Records for this task:

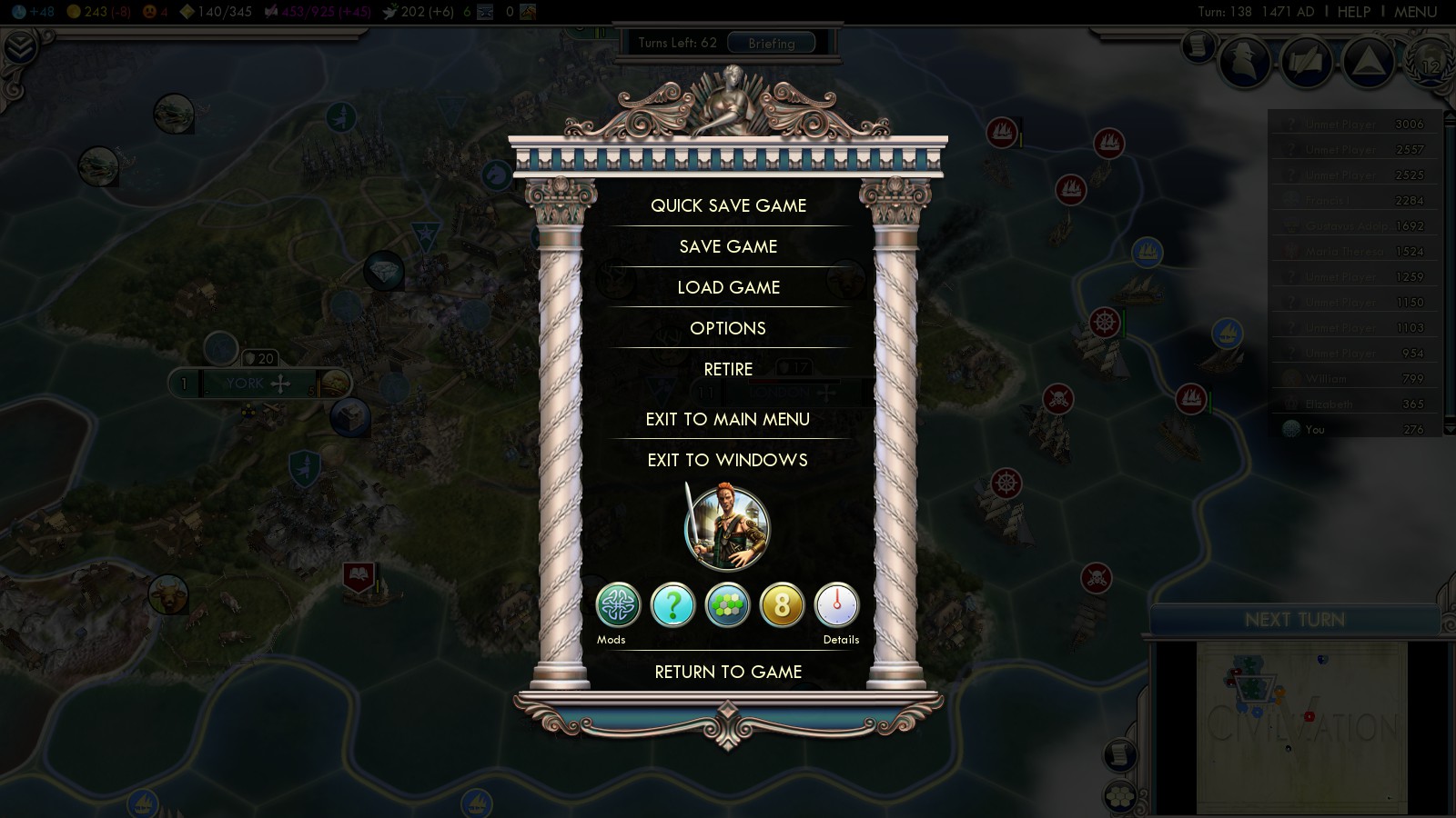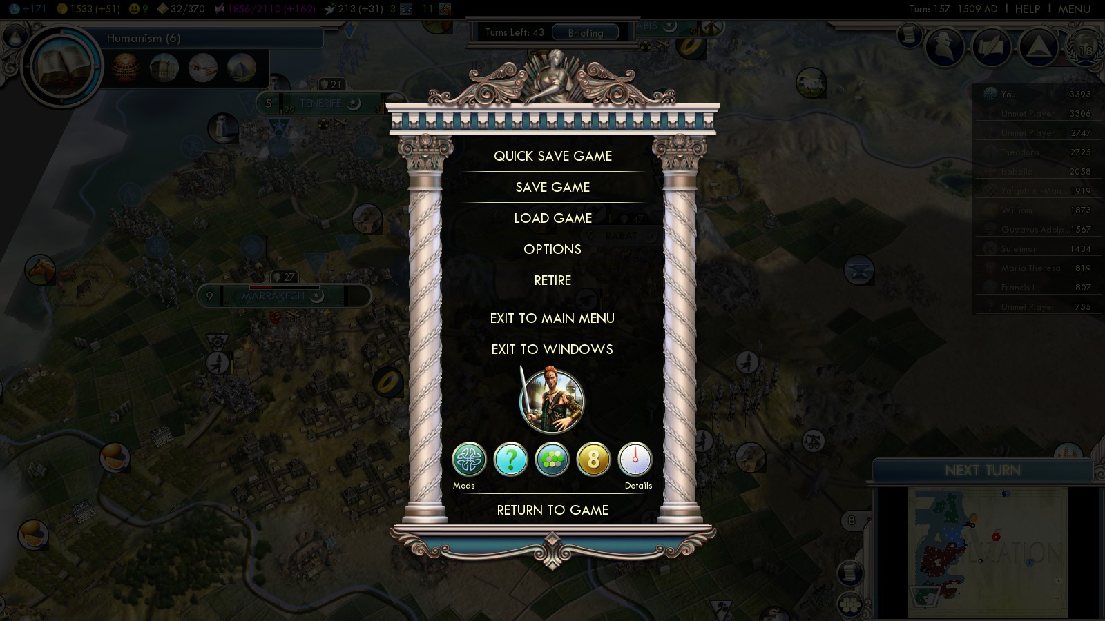 Also: Making the “Never take our Freedom” Steam achievement is an incredibly rewarding experience. That was on Emperor though. Finding a way to repeat it on Deity difficulty, especially after the first failed attempts, makes it even more special to me. This probably is the reason, why in this post I included 3 images of the Main menu, highlighting the fact, that this was really really Deity difficulty.
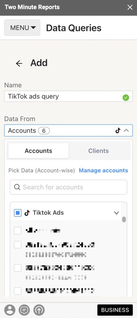 Click Add and choose the respective TikTok Ads accounts to analyze campaign performance. You can manage “n” number of clients’ TikTok Ads accounts under one roof. Simply select one or more accounts to analyze campaign performance.
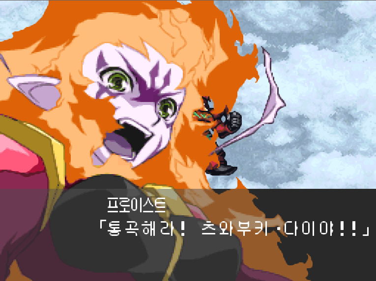 프로이스트 : 츠와부키 다이야, 그리고 지상인놈들! 다시 한번 선언하마... 나 이외의 모든 생물은 말살이다아아앗!!!
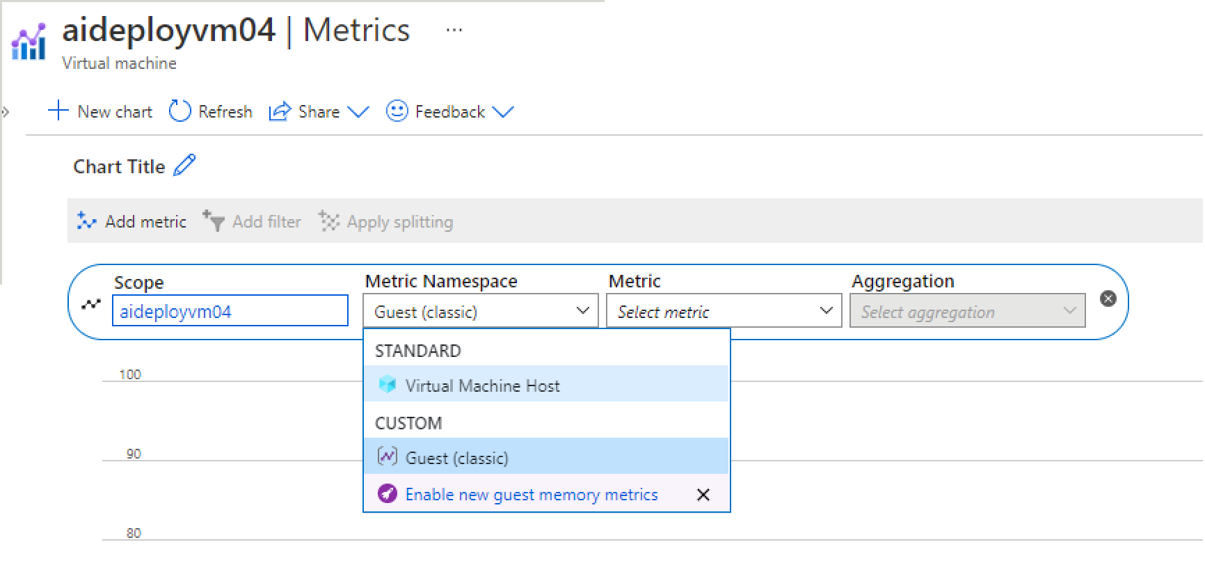 Soluzione: se lo spazio dei nomi Guest (versione classica) e le metriche in Esplora metriche non vengono visualizzati:
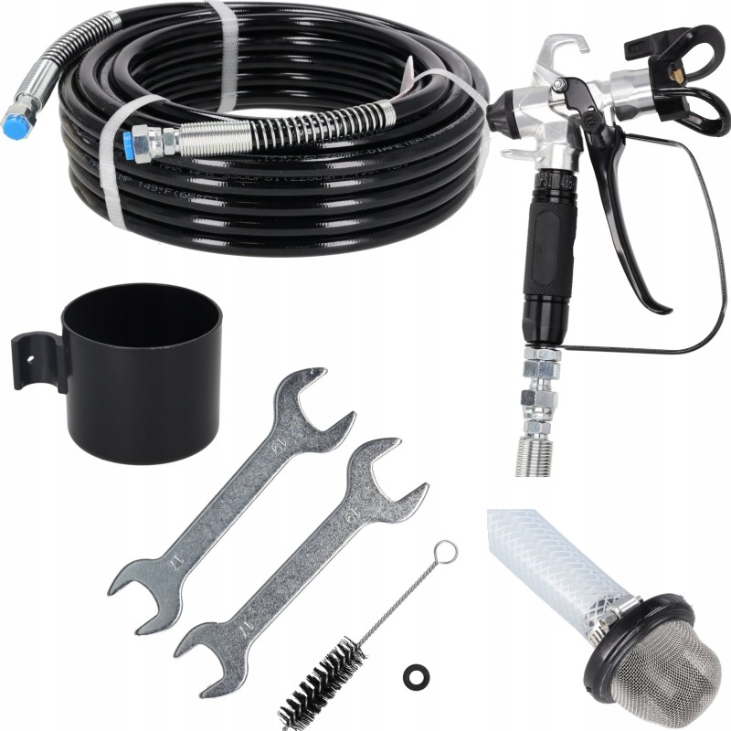 Wąż wysokociśnieniowy o długości 15 metra pozwala na malowanie bez częstego przemieszczania agregatu.

Task instructions: Write out exactly the opening lines of the data, stopping after the line that holds "Soluzione: se lo". Exclude pictures.

Result below:
 Also: Making the “Never take our Freedom” Steam achievement is an incredibly rewarding experience. That was on Emperor though. Finding a way to repeat it on Deity difficulty, especially after the first failed attempts, makes it even more special to me. This probably is the reason, why in this post I included 3 images of the Main menu, highlighting the fact, that this was really really Deity difficulty.
 Click Add and choose the respective TikTok Ads accounts to analyze campaign performance. You can manage “n” number of clients’ TikTok Ads accounts under one roof. Simply select one or more accounts to analyze campaign performance.
 프로이스트 : 츠와부키 다이야, 그리고 지상인놈들! 다시 한번 선언하마... 나 이외의 모든 생물은 말살이다아아앗!!!
 Soluzione: se lo spazio dei nomi Guest (versione classica) e le metriche in Esplora metriche non vengono visualizzati:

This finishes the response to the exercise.